*WORK REQUEST*
Everything below from the line with "According to tradition, at" through the line with "本次案例大赛中,我院《青苗计" must be retyped exactly, except the pictures.

*DATA LISTING*
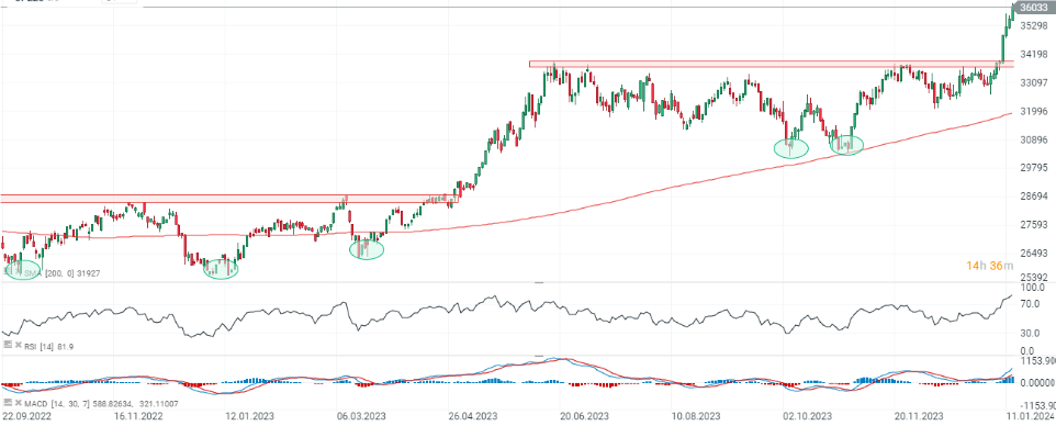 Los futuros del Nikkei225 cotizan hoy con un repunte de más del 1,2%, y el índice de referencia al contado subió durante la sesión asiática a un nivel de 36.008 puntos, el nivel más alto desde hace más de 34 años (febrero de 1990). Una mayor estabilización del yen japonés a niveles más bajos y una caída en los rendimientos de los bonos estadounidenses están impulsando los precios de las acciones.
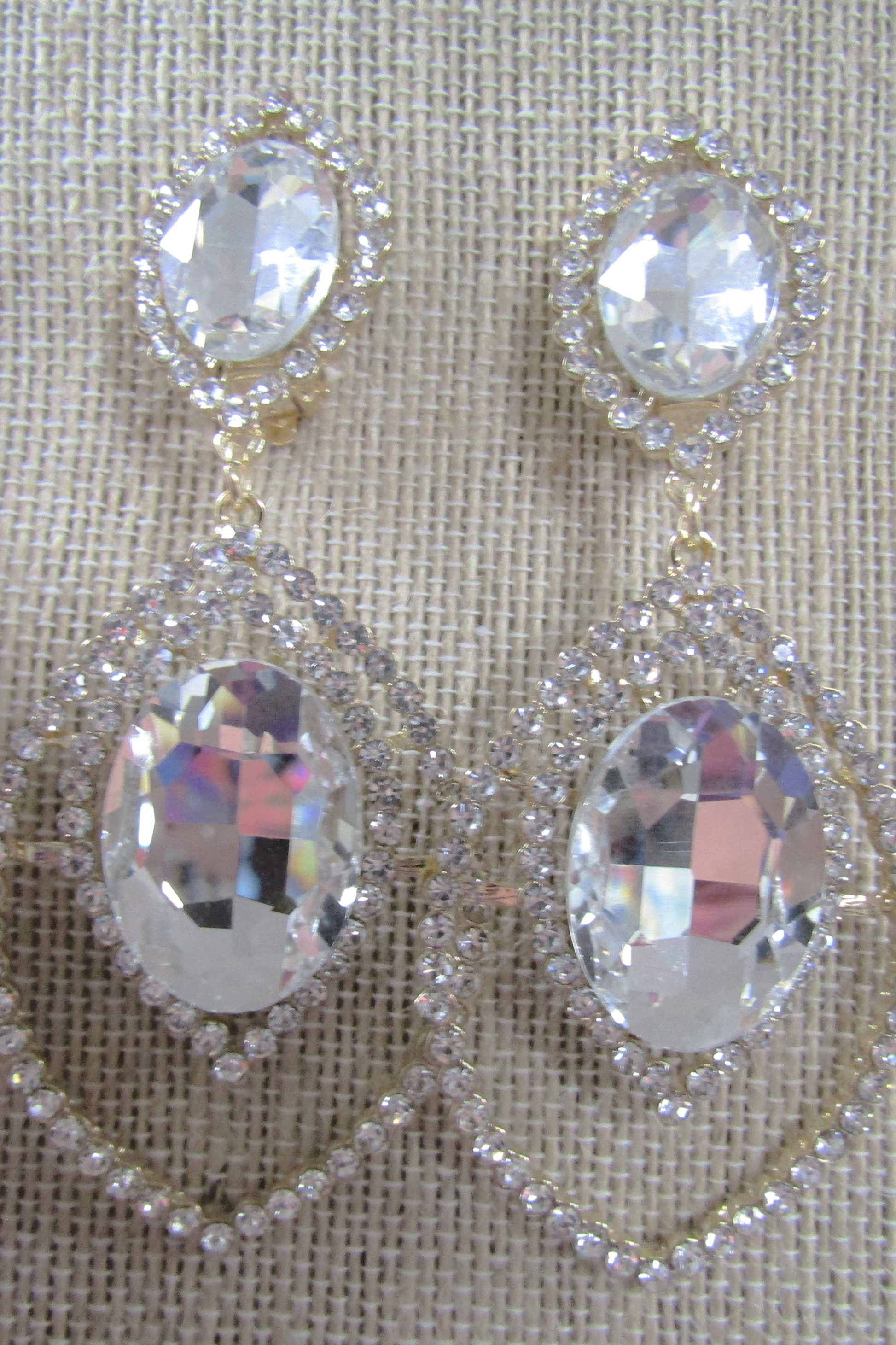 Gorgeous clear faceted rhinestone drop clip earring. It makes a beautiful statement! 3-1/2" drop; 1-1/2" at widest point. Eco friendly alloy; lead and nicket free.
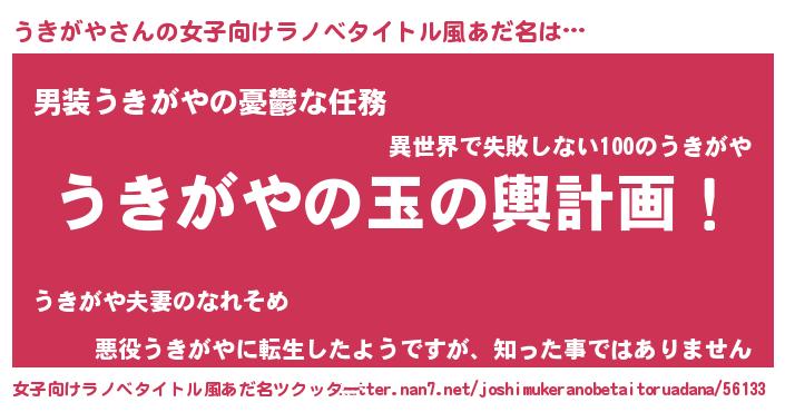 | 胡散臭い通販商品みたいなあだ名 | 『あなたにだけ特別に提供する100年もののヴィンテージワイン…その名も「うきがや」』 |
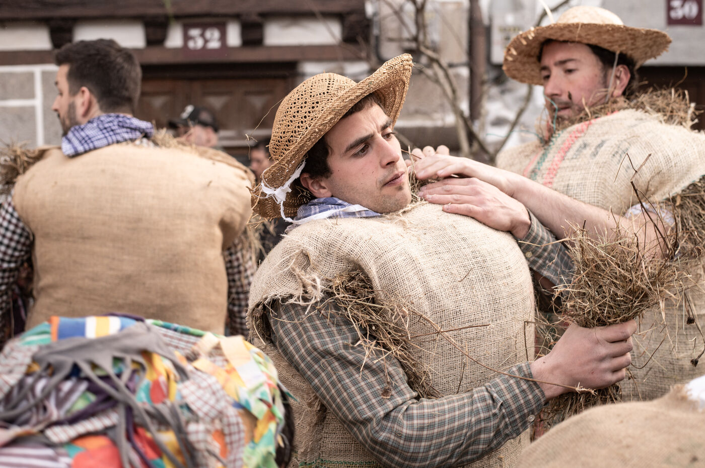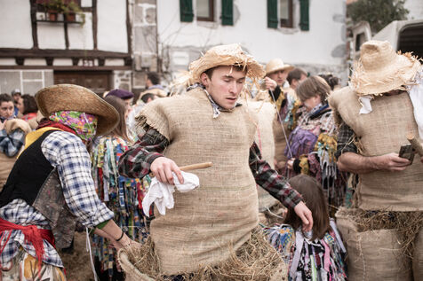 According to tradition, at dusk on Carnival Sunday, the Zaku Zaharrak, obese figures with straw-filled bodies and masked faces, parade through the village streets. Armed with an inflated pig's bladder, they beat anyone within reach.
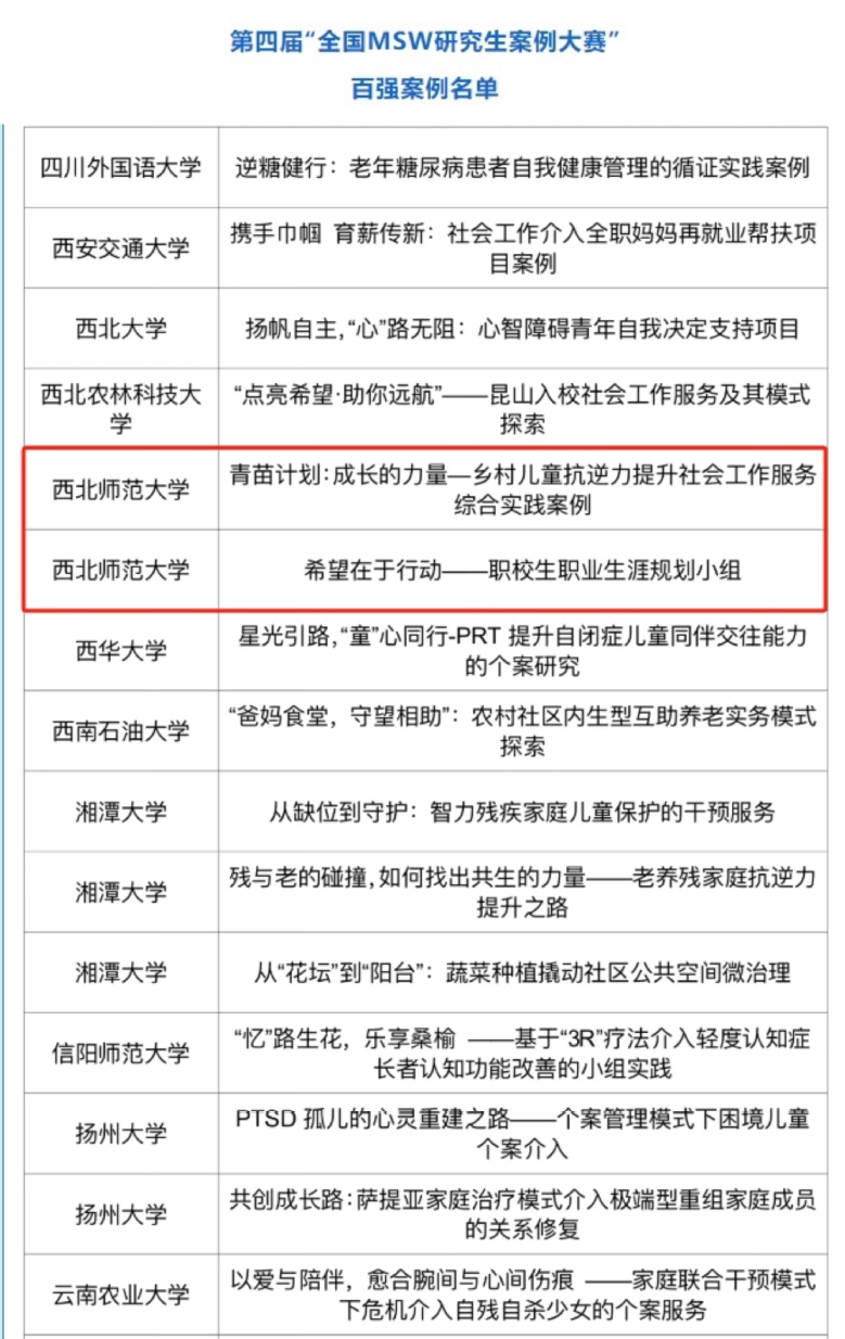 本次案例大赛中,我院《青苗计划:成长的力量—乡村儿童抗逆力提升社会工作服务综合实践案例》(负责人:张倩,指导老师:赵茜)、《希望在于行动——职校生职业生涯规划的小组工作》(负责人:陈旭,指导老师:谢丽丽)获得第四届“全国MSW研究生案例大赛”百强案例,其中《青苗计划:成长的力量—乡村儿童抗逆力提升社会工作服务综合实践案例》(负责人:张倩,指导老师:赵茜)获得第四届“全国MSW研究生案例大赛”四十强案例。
==
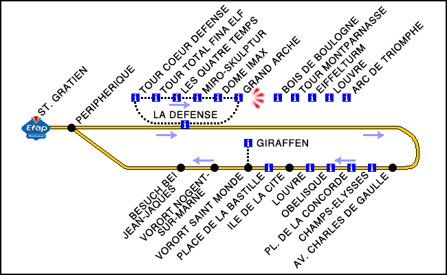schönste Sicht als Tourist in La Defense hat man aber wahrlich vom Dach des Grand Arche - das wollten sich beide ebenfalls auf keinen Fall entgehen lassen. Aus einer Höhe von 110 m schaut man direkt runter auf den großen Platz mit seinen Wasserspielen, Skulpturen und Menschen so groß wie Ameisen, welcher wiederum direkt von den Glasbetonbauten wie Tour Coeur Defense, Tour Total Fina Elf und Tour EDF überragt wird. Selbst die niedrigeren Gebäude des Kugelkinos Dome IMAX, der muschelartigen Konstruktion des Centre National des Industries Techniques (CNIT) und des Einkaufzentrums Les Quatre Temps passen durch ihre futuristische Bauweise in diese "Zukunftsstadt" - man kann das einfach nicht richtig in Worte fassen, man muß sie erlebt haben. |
* * *
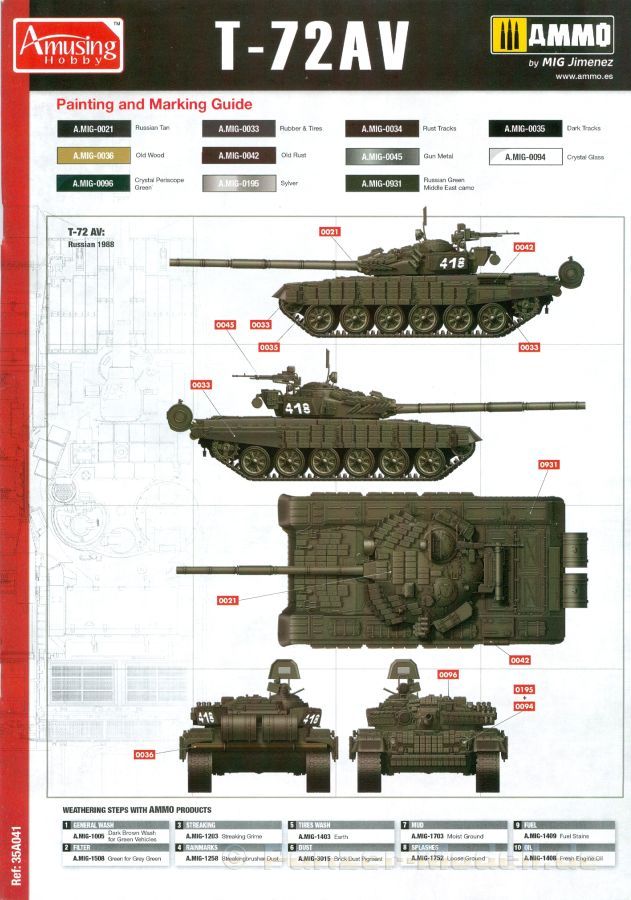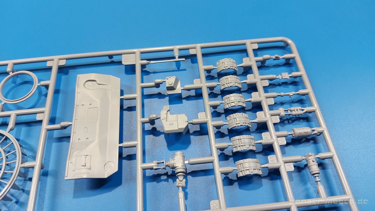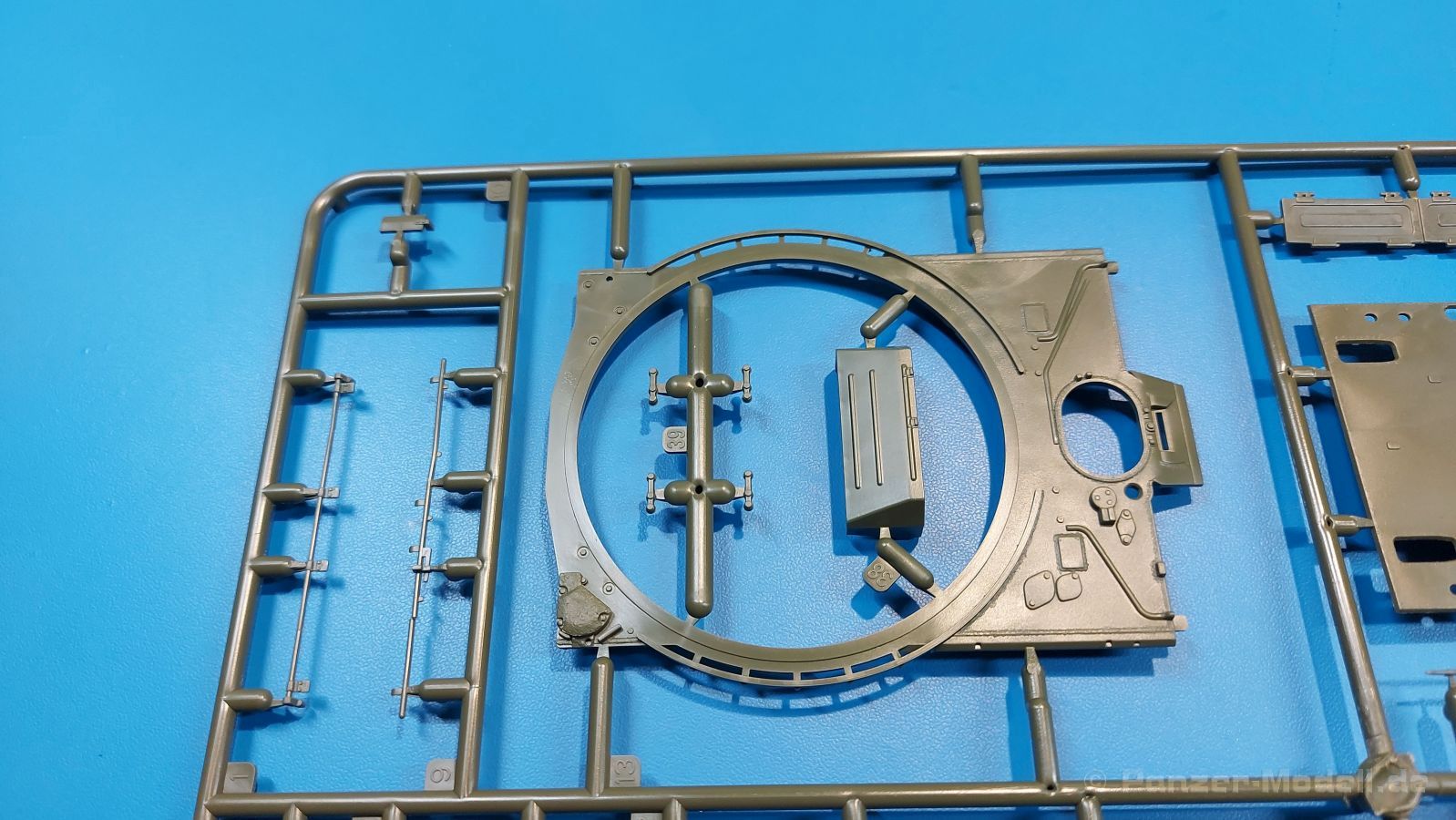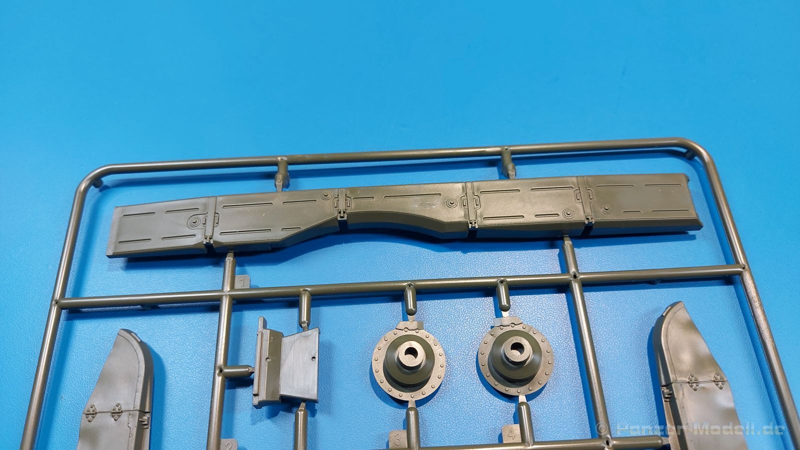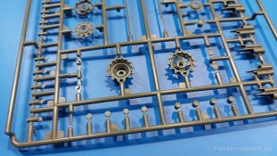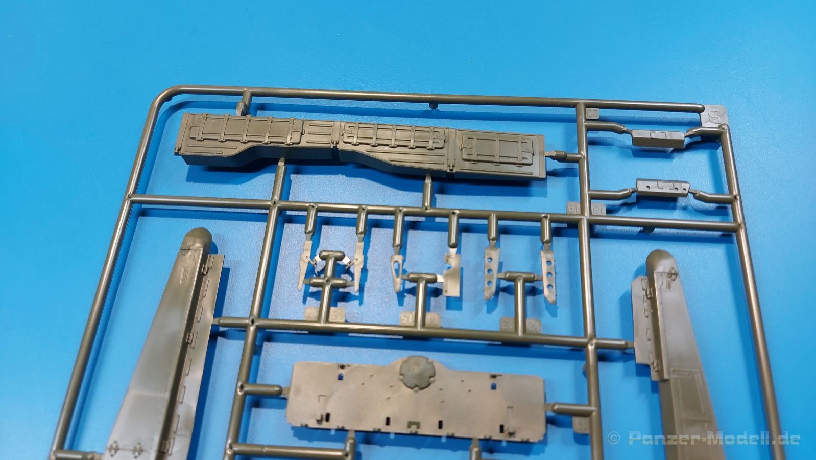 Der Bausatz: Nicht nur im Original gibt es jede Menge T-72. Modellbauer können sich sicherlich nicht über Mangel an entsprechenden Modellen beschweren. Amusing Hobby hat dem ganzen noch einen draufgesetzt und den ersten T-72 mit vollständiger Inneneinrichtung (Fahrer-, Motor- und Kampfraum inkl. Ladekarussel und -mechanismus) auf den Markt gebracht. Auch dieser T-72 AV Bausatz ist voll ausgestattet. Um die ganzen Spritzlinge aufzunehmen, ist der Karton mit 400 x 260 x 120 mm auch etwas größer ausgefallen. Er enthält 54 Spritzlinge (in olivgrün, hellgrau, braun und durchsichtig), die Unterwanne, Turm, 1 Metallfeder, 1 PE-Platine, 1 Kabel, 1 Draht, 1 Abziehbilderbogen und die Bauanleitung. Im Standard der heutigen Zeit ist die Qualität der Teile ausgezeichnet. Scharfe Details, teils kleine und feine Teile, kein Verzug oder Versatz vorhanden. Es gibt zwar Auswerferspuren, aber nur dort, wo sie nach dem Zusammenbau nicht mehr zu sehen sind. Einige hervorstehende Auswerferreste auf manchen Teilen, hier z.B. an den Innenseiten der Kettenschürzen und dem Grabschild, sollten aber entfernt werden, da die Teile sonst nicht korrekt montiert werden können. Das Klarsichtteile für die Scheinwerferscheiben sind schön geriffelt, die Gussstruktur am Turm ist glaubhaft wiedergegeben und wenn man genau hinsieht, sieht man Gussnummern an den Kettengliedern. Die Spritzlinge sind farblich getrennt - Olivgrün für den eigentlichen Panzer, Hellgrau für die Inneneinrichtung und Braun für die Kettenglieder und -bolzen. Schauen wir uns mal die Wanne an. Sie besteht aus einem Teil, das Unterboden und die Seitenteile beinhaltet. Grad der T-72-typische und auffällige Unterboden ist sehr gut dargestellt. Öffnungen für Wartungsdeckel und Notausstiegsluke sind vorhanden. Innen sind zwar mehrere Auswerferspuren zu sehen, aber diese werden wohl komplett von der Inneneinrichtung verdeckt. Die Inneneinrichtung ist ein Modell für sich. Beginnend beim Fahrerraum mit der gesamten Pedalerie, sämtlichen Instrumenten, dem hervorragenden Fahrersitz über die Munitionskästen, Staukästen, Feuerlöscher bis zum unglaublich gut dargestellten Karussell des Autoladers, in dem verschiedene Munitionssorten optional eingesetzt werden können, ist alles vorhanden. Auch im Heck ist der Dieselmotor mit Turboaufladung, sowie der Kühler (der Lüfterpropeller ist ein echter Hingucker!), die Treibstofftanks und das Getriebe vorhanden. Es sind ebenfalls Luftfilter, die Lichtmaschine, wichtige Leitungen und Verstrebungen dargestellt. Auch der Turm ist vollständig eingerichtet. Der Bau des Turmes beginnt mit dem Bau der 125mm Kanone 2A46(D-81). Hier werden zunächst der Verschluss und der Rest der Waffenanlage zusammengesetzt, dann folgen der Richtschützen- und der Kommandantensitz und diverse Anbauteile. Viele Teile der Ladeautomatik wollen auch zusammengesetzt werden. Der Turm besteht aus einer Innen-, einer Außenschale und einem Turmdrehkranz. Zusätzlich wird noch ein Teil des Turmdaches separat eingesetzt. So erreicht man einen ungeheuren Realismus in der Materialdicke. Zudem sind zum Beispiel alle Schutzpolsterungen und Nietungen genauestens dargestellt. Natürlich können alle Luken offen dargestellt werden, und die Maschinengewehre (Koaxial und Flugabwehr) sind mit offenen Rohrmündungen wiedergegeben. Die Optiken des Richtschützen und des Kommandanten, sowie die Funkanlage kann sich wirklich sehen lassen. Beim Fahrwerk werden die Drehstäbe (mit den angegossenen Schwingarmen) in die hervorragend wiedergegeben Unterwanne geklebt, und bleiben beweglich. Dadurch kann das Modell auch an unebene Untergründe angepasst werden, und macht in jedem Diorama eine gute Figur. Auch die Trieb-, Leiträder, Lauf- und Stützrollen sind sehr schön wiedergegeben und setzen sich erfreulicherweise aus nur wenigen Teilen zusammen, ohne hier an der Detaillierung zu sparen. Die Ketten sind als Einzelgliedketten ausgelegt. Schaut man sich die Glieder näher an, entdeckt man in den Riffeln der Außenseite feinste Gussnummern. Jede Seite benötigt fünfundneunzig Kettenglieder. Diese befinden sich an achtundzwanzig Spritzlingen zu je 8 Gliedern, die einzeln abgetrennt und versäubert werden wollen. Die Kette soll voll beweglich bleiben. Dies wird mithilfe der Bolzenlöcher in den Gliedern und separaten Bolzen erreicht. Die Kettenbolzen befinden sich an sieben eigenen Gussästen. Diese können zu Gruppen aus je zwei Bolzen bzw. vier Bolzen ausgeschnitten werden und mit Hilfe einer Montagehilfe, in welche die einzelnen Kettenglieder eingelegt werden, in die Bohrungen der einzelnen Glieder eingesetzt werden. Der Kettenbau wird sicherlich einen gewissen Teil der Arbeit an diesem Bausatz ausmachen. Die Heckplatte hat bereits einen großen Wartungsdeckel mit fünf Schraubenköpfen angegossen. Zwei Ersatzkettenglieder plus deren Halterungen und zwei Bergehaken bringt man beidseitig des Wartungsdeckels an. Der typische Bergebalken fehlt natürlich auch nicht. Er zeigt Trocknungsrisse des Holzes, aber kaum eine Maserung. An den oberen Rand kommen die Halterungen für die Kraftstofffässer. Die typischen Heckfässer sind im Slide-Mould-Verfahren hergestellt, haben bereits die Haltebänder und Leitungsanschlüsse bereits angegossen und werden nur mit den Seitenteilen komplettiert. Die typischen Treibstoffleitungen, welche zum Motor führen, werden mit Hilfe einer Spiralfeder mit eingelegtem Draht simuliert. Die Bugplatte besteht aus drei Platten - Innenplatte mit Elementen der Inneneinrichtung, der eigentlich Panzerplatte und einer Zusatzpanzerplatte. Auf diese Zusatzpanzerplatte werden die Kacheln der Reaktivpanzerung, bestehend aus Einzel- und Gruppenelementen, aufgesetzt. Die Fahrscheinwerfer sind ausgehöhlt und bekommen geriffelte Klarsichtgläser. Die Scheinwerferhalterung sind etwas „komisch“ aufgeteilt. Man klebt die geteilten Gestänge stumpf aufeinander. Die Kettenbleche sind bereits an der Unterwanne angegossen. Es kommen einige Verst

*REPLY*
 According to tradition, at dusk on Carnival Sunday, the Zaku Zaharrak, obese figures with straw-filled bodies and masked faces, parade through the village streets. Armed with an inflated pig's bladder, they beat anyone within reach.
 本次案例大赛中,我院《青苗计划:成长的力量—乡村儿童抗逆力提升社会工作服务综合实践案例》(负责人:张倩,指导老师:赵茜)、《希望在于行动——职校生职业生涯规划的小组工作》(负责人:陈旭,指导老师:谢丽丽)获得第四届“全国MSW研究生案例大赛”百强案例,其中《青苗计划:成长的力量—乡村儿童抗逆力提升社会工作服务综合实践案例》(负责人:张倩,指导老师:赵茜)获得第四届“全国MSW研究生案例大赛”四十强案例。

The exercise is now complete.